The significance of the word gemischt (mixed) as applied to the bathing experience now became apparent, as the Austrian woman peeled away from the (so far strictly segregated) company of women and launched herself with an impressive splash into the central, extravantly colonnaded thermal bath where her husband was happily basking.
The effect was electric. Those who had a partner with whom to get gemischt promptly did so, and there was a brief but joyous spell of communal bathing in the bubbling Sprudelbad. A notice on the wall politely asked bathers not to sit on top of the bubbling jets, but this was largely disregarded. Another notice demanded Ruhe – quiet – but there was a good deal of disobedience in this area too.
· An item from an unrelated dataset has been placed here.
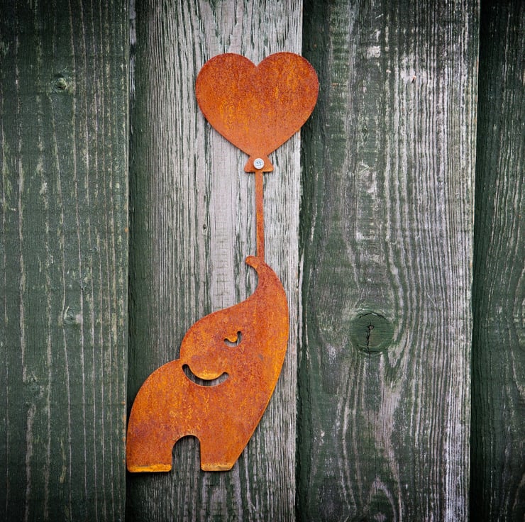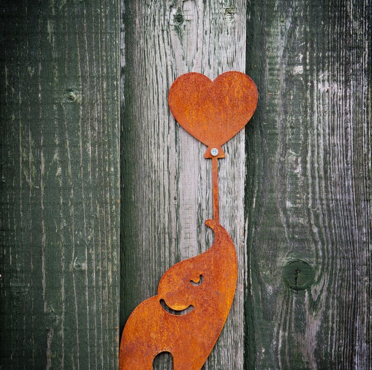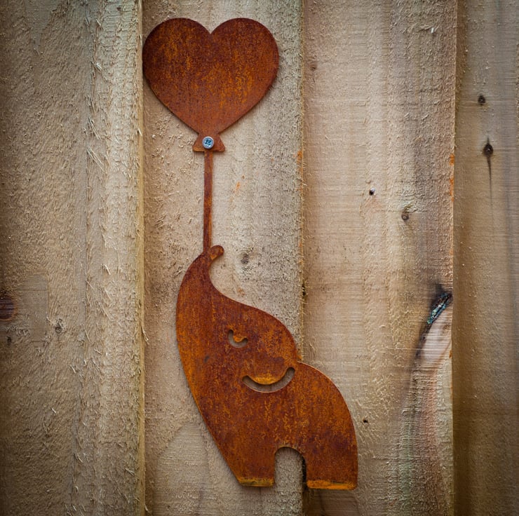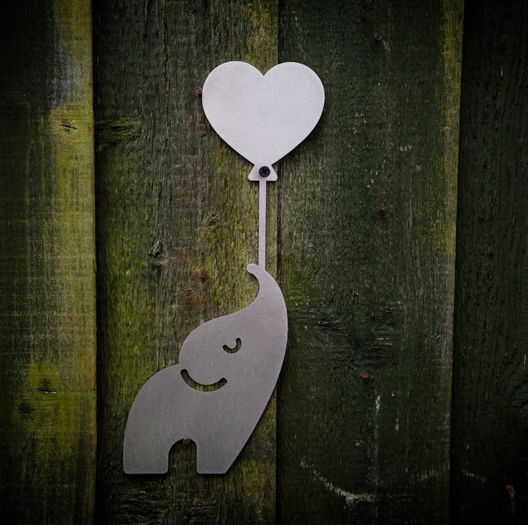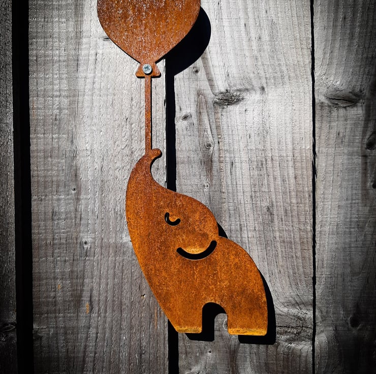 A quirky gift (or a treat for yourself!), our cute elephant holding a heart balloon can be hung on a fence, wall, pergola, arbour, balcony, window box, artist's studio or tree and will add fun and character to any garden, patio, terrace, veranda, greenhouse, yard, allotment or any outdoor space.

The time came for us to go our separate ways again and we each went back to our corners for further spells in baths of ever-diminishing temperatures. After a brief dunk in a distinctly chilly (18oC) tub, we towelled ourselves off and were channelled into the cream application parlour. Once again the Austrian lady bemoaned the Sunday rule on cream massages. The ultimate treat was to be placed on a warm bed in a darkened room, wrapped in a linen sheet and swathed in a blanket, mummy-style, where we dozed peacefully for a full half hour.
We retrieved our clothes and emerged, blinking, onto the streets of Baden-Baden feeling quite nonchalant about the experience, wondering vaguely why it is that we British are so bashful about the whole business of bathing and vowing to do it again soon – and often.